O filme em preto e branco de Arancibia, assim como o romance, não poupa críticas ao acúmulo de riquezas e à consequente hipocrisia das relações sociais.
Como exemplificação de obras semelhantes, convém lembrar o romance urbano e patriarcal Senhora (1874), de José de Alencar. A obra, assim como Olhai os Lírios do Campo, aborda a compra de um marido (Fernando Seixas), o que permite inferir um sentido social simbólico, pois é ao mesmo tempo representação e desmascaramento de costumes vigentes, como o casamento por dinheiro.
Olhai os Lírios do Campo é o primeiro best-seller de autor brasileiro moderno, o que determinou o interesse internacional pelo Rio Grande do Sul. À década de 1930, quando o livro foi lançado, havia grandes transformações sociais, a ditadura de Getúlio Vargas, mudanças políticas, além do crescimento urbano. No filme, fica evidente a caracterização dessa fase, quando o enquadramento em uma cena mostra o sutil movimento de carros na Avenida 9 de Julho. Os costumes de até então, considerados conservadores, iam sendo substituídos por um frenesi de consumo e ascensão social, que o livro bem tematiza.
Nesse mundo em mudança, a voz de Olívia representaria uma posição do próprio autor, simbolizada na metáfora do título.

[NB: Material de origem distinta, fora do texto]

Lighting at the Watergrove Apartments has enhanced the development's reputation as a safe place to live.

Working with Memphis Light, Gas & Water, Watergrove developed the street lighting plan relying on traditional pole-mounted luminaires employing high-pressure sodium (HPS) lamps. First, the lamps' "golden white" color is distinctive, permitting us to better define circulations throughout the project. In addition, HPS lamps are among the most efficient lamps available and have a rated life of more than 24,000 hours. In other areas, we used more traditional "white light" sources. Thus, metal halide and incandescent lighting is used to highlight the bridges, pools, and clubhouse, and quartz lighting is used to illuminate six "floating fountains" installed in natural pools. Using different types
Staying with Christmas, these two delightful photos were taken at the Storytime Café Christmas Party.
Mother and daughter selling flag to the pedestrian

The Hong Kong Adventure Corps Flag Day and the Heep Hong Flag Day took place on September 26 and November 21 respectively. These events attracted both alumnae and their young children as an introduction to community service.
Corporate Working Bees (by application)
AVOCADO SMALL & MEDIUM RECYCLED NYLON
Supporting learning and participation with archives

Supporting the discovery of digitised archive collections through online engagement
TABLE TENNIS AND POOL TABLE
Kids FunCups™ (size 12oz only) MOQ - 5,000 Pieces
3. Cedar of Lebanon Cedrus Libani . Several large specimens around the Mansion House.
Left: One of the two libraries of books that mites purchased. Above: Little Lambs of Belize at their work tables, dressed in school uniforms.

Afinal, "Olhai os lírios no campo" é parte do Sermão da Montanha, relatado nos evangelhos de Mateus e Lucas da Bíblia Sagrada. Eugênio Fontes só compreende a mensagem de confiança no amor e na vida dedicada ao próximo, que lhe é transmitida por Olívia, no fim da narrativa.

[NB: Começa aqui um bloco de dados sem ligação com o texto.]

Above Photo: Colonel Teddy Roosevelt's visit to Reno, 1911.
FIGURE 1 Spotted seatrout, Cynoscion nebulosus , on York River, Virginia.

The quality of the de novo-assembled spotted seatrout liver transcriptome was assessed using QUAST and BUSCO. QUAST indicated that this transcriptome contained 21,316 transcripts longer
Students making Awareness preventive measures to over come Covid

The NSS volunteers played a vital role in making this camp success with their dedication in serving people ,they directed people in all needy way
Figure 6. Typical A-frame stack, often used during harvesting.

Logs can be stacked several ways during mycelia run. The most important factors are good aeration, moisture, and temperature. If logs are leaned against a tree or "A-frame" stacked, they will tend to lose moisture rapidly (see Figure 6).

Mirad los Lírios del Campo pode ser considerada hoje uma raridade, porque as imagens que narram a trama do livro revelam a história, a literatura, o comportamento social, político e econômico de um importante momento do Brasil e da América Latina. Seu resgate certamente não pode ficar somente na lembrança de sete décadas de seu aniversário.